=== What the task asks ===
The line containing "обозначения сигнальной видимости." marks the end: copy exactly every line from the start of the records below up to and including it, leaving out pictures.

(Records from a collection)
-=-=-
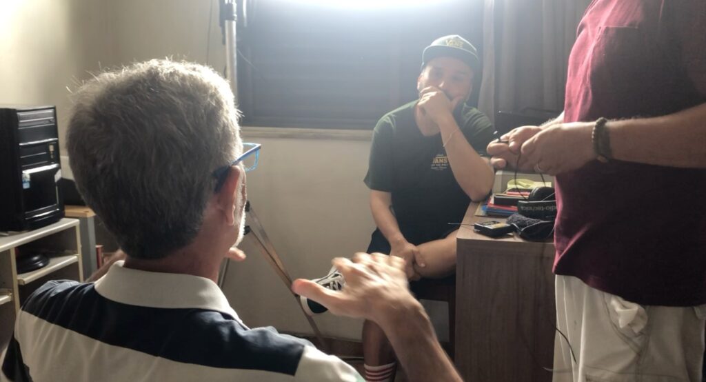 Também falei com quatro ex-alunos dele. Alguns foram seus bolsistas no Cine & Vídeo Tarumã. Depois desses depoimentos, fiz o enredo e acredito que em mais de quatro meses trabalhei na confecção do roteiro.
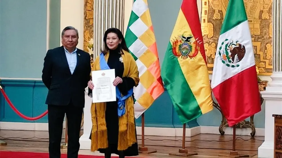 El gobierno de Bolivia otorgó una condecoración a la embajadora de México en La Paz, María Teresa Mercado.
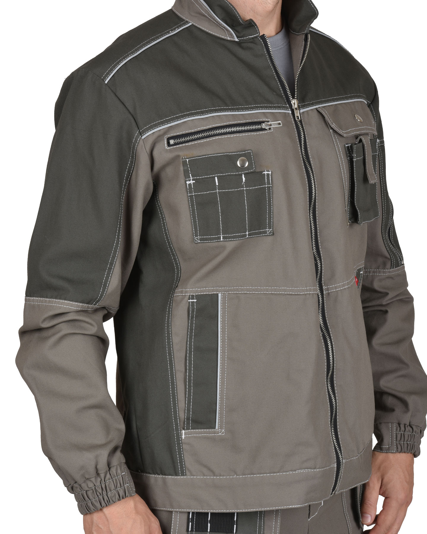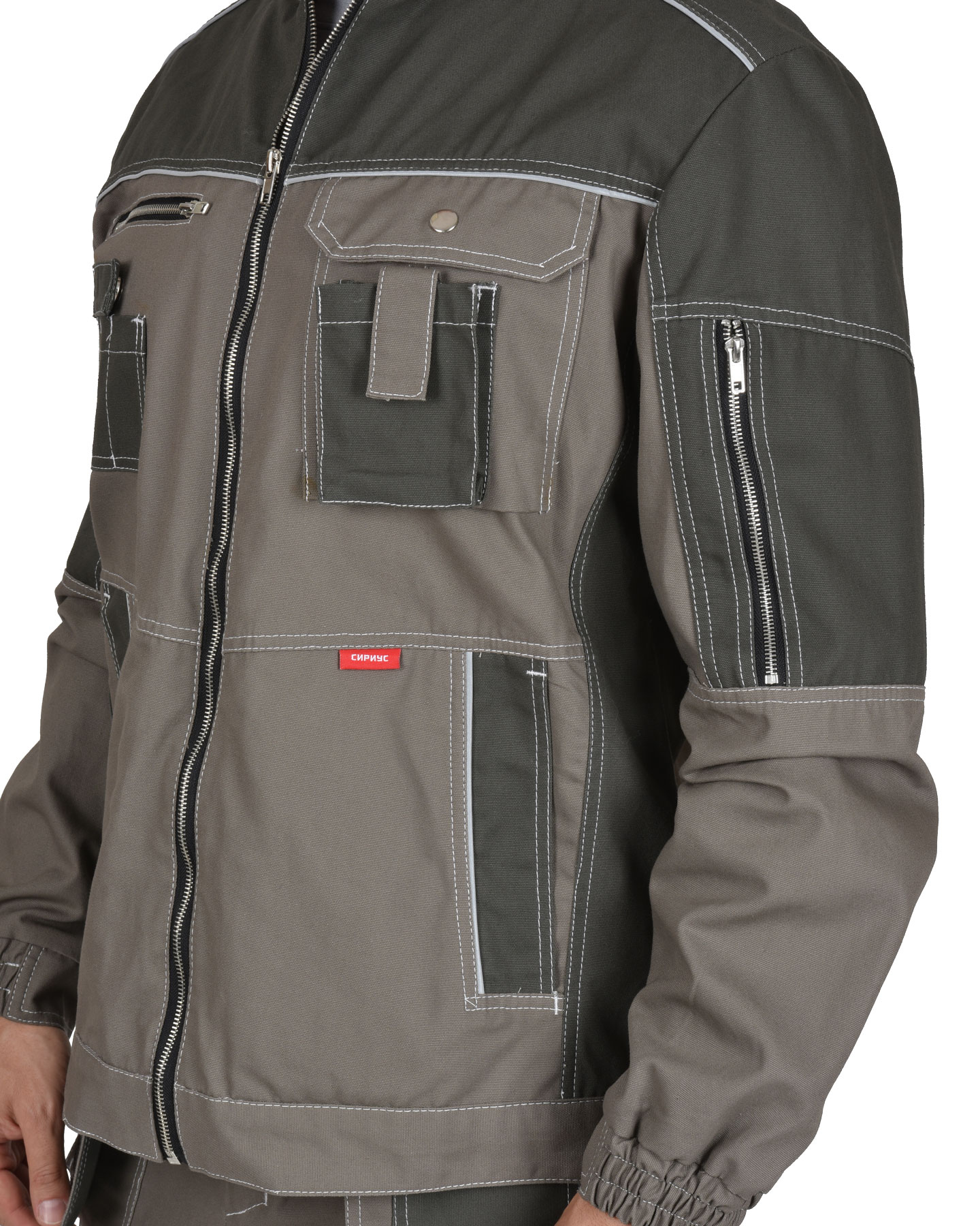 Ткань верха: «Родос» смесовая с ВО пропиткой. В куртке предусмотрен фигурный СОП для обозначения сигнальной видимости.
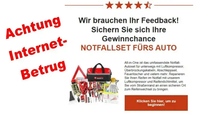 wir möchten Ihnen die einmalige Gelegenheit bieten, eine brandneue Notfallset fürs Auto! zu erhalten Um Anspruch zu erheben, nehmen Sie einfach an dieser kurzen Umfrage zu Ihren Erfahrungen mit ADAC teil.
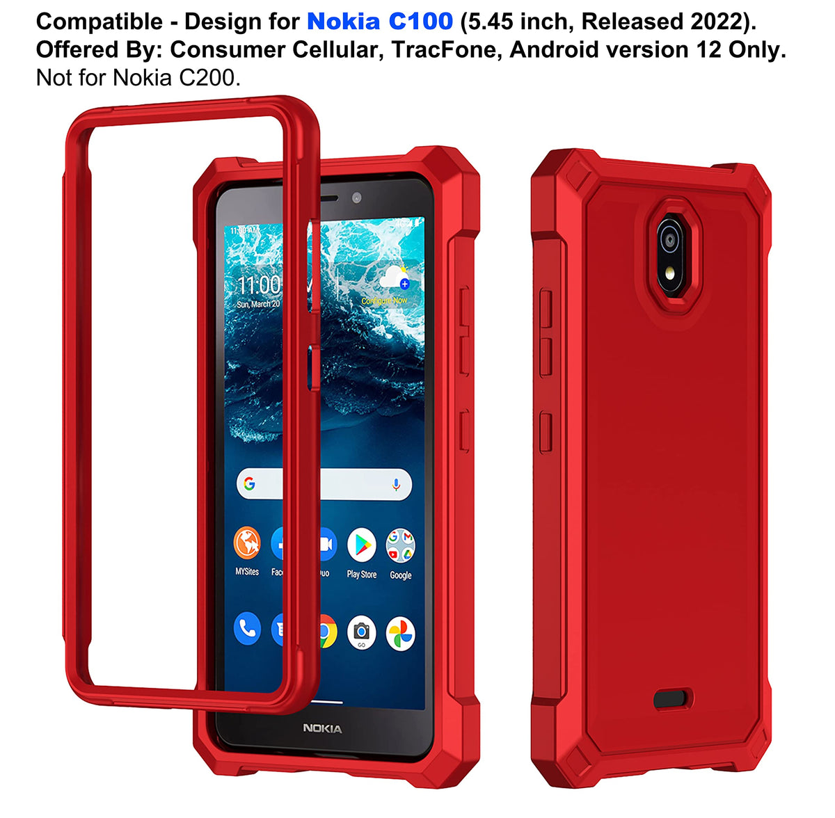 We Also Have Other Great Designs And Colors Welcome To Search Nokia C100 And Find Something New Product Features: 100% Brand New And High Quality Package: 1 X Dual-Layer Air-Guard Corners Military Grade Case With Tempered Glass Full Screen Protector For Nokia C100 (545 Inch, Released 2022) Offered By: Consumer Cellular, Tracfone, Android Version 12 Only Not For Nokia C200 Phone Is Not Included About Us: Ailiber A Brand Focused On Electronics Accessories For Years Our Team Works To Bring High-Quality, Multifunctional And Durable Designs To Our Customers We Also Have Wholesale Customization Demand Attention: If You Find Any Question, Please Contact Us First We Will Provide You With A Satisfactory After-Sales Service In 24 Hours Tips To Help You Better Install Your Screen Protector You Can Search Some Videos About How To Install Screen Protector First 1 Keep Hands Clean And Dry Before Installation If Needed, Search For The Installation Video On The Internet First 2 Gently Pick Up The Tempered Glass From The Case 3 Predict Installation Position On The Phone (Align And Tag Guide Sticker) 4 Make Sure To Clean All The Dust And Fingerprints On The Screen (1)Wet Wipes (2)Dry Wipes (3)Dust Absorber 5 Peel Off The Clear Thin Protective Film From The Screen Protector Back Before Applying On The Phone 6 Put The Screen Protector Onto The Screen Horizontally And Slowly Tap The Middle Of The Screen Protector And You Are Done Congratulations 7 Normally, The Protector Would Be Installed Automatically If Theres A Bubble, Maybe Theres Dust In It Gently Scrape The Bubble To The Edge With Your Card
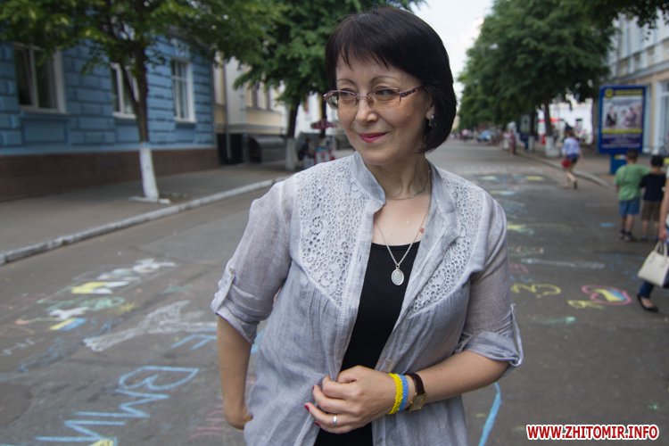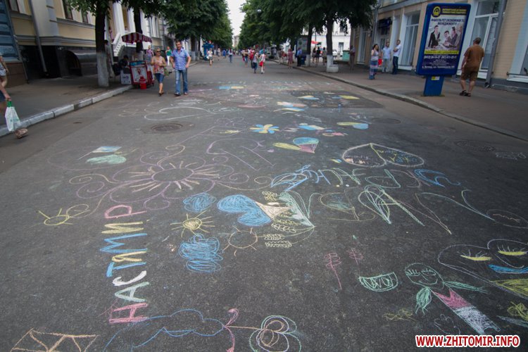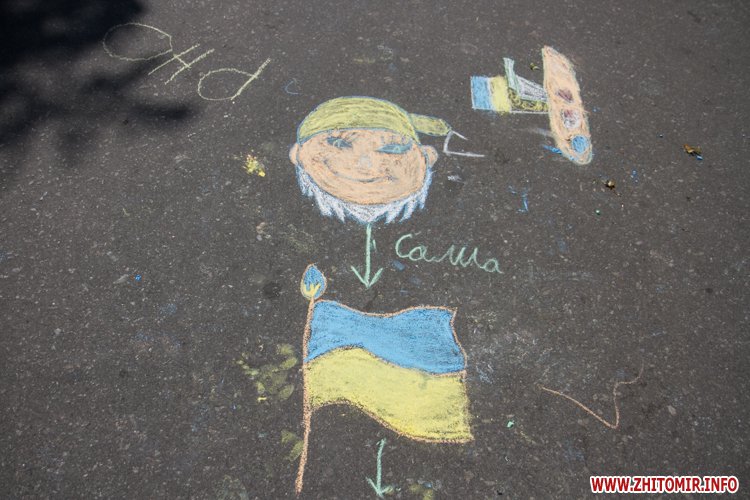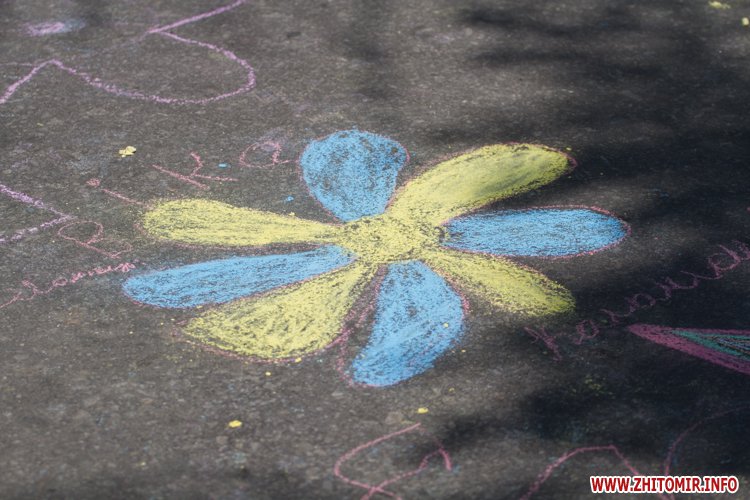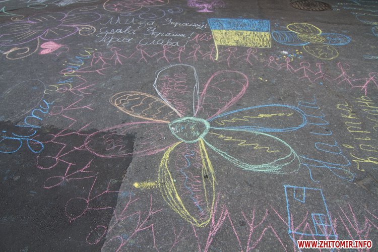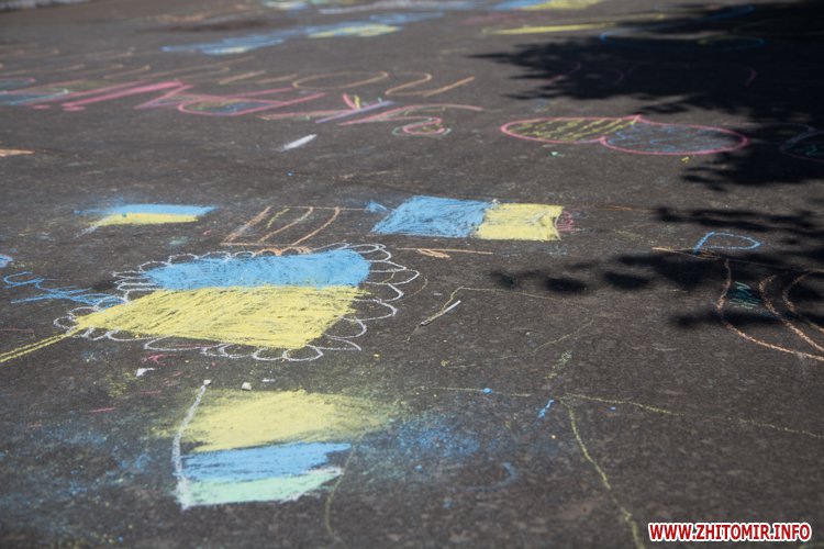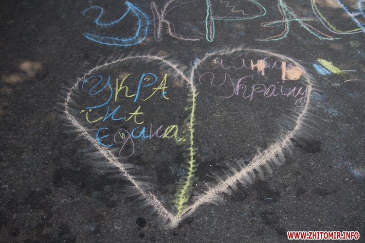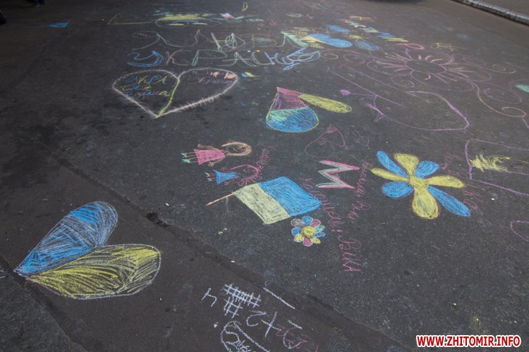 На розі вулиць Михайлівської та Лятошинського 3 червня проходила соціальна акція «Дитяче графіті «Україна єдина».
-=-=-
=== Result of the exercise ===
 Também falei com quatro ex-alunos dele. Alguns foram seus bolsistas no Cine & Vídeo Tarumã. Depois desses depoimentos, fiz o enredo e acredito que em mais de quatro meses trabalhei na confecção do roteiro.
 El gobierno de Bolivia otorgó una condecoración a la embajadora de México en La Paz, María Teresa Mercado.
 Ткань верха: «Родос» смесовая с ВО пропиткой. В куртке предусмотрен фигурный СОП для обозначения сигнальной видимости.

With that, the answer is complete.